Coast Care celebrates end of season
MEDIA RELEASE
Coast Care celebrates end of
season
For immediate release: Thursday 18 September 2003
Coast Care volunteers are celebrating their ninth successful season of planting the region’s sand dunes.
Over the last few months, hundreds of people have braved all types of weather to help plant more than 31,000 native dune plants from Waihi Beach to Cape Runaway (Tihirau).
Now, as the season ends, Coast Care coordinator Greg Jenks wants to commend and congratulate all volunteers for their “enthusiasm and ongoing commitment to the work of strengthening the coast’s sand dunes”. It was not just physical input but “an intellectual commitment to improving the coastal environment”, he explains.
Environment Bay of Plenty and the coastal district councils set up Coast Care Bay of Plenty to encourage and empower residents of coastal communities to actively look after their local beaches.

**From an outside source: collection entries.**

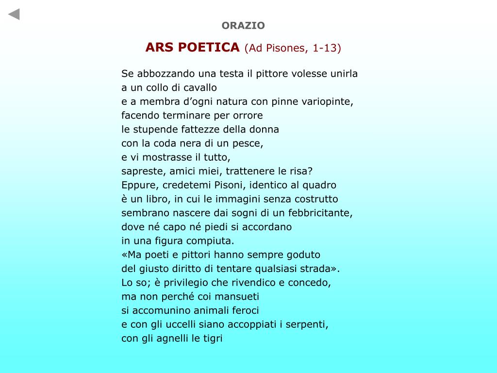 ORAZIO ARS POETICA(Ad Pisones, 1-13) Se abbozzando una testa il pittore volesse unirla a un collo di cavallo e a membra d’ogni natura con pinne variopinte, facendo terminare per orrore le stupende fattezze della donna con la coda nera di un pesce, e vi mostrasse il tutto, sapreste, amici miei, trattenere le risa? Eppure, credetemi Pisoni, identico al quadro è un libro, in cui le immagini senza costrutto sembrano nascere dai sogni di un febbricitante, dove né capo né piedi si accordano in una figura compiuta. «Ma poeti e pittori hanno sempre goduto del giusto diritto di tentare qualsiasi strada». Lo so; è privilegio che rivendico e concedo, ma non perché coi mansueti si accomunino animali feroci e con gli uccelli siano accoppiati i serpenti, con gli agnelli le tigri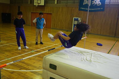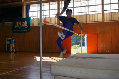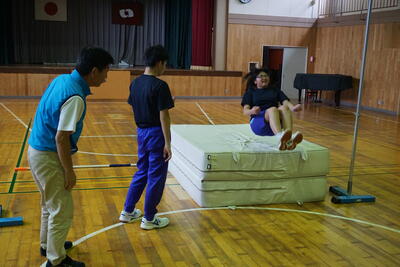 体育では、走り高跳びの記録会です。順調に記録を伸ばし、自己記録更新に挑戦中です。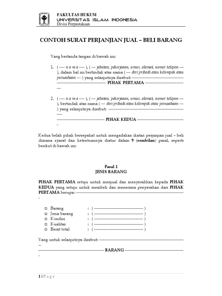 Contoh Surat Perjanjian Jual Beli Barang - Bagi Contoh Surat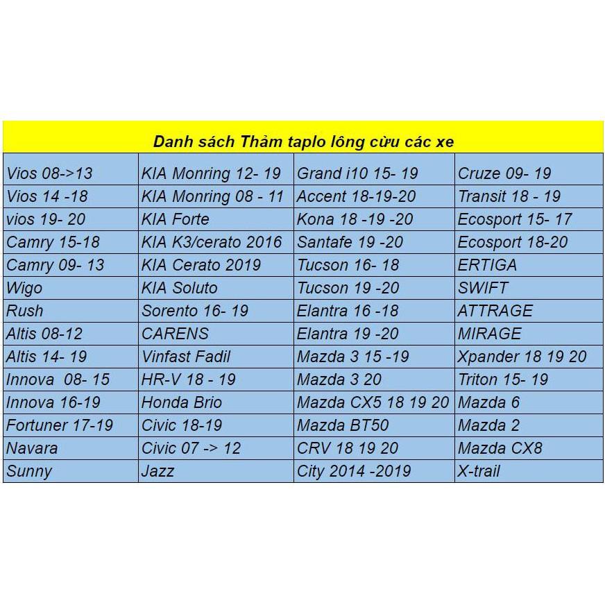 SHOP CÓ RẤT NHIỀU DÒNG THẢM TAPLO. NẾU BẠN K TÌM THẤY CHO XE CỦA BẠN. VUI LÒNG NHẮN TIN CHO CHÚNG TÔI ĐỂ ĐƯỢC GỬI LINK SP BẠN CẦN. XIN CẢM ƠN! Thảm Taplo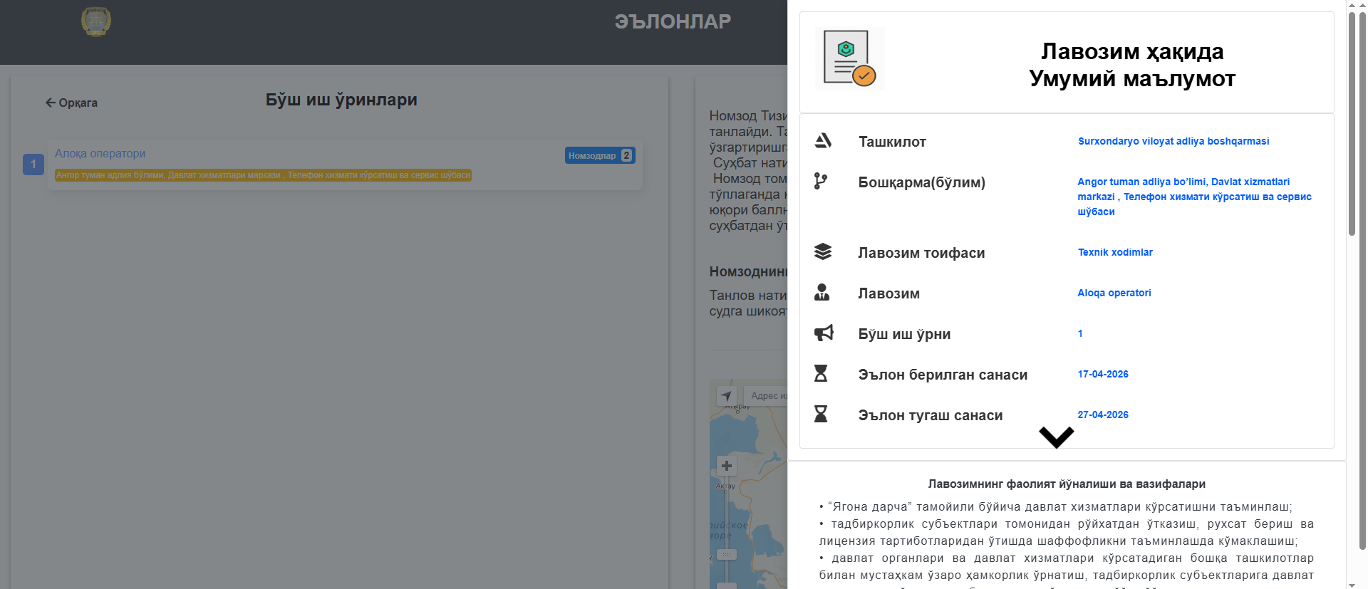 Ishga qabul qilish boʻyicha tanlov shartlari va batafsil maʼlumotlar bilan ushbu manzil orqali tanishishingiz va shu manzil boʻyicha elektron tarzda hujjat topshirishingiz mumkin: https://vakansiya.adliya.uz/vacancy/1672#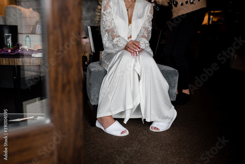 Beautiful bride in a peignoir. Morning of wedding day. legs and hands bride in a boudoir robe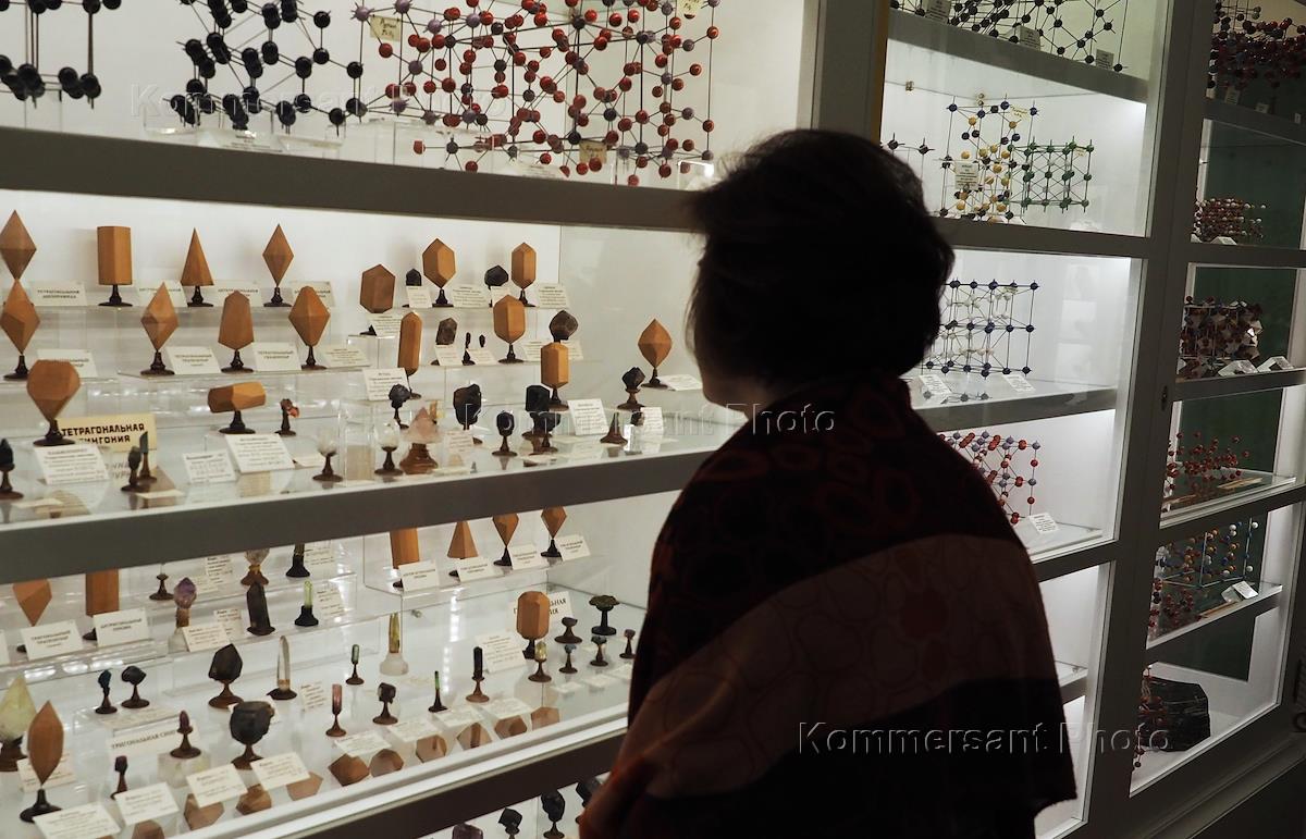 Mining Museum of St. Petersburg Mining University. Genre photography. A museum visitor at the cabinet with minerals during the excursion.

The programme has been a huge success, Mr Jenks says.
In nine years, Coast Care volunteers had planted more than 200,000 plants, which is equivalent to replanting over 30km of dunes, with the focus on the more vulnerable areas of coastline. A few beaches, like Whakatane’s Coastlands, have been planted fully by community members, and so the dunes are now sustainably repairing themselves after storm events, Mr Jenks says. Others will get to that state in the next two years.
Mr Jenks says natural dunes are the best way of buffering the land from the sea. “Exposed sand is rapidly carried away by wind. So dunes must be covered in vegetation – preferably native - if they are to be most effective in helping protect the coastline.”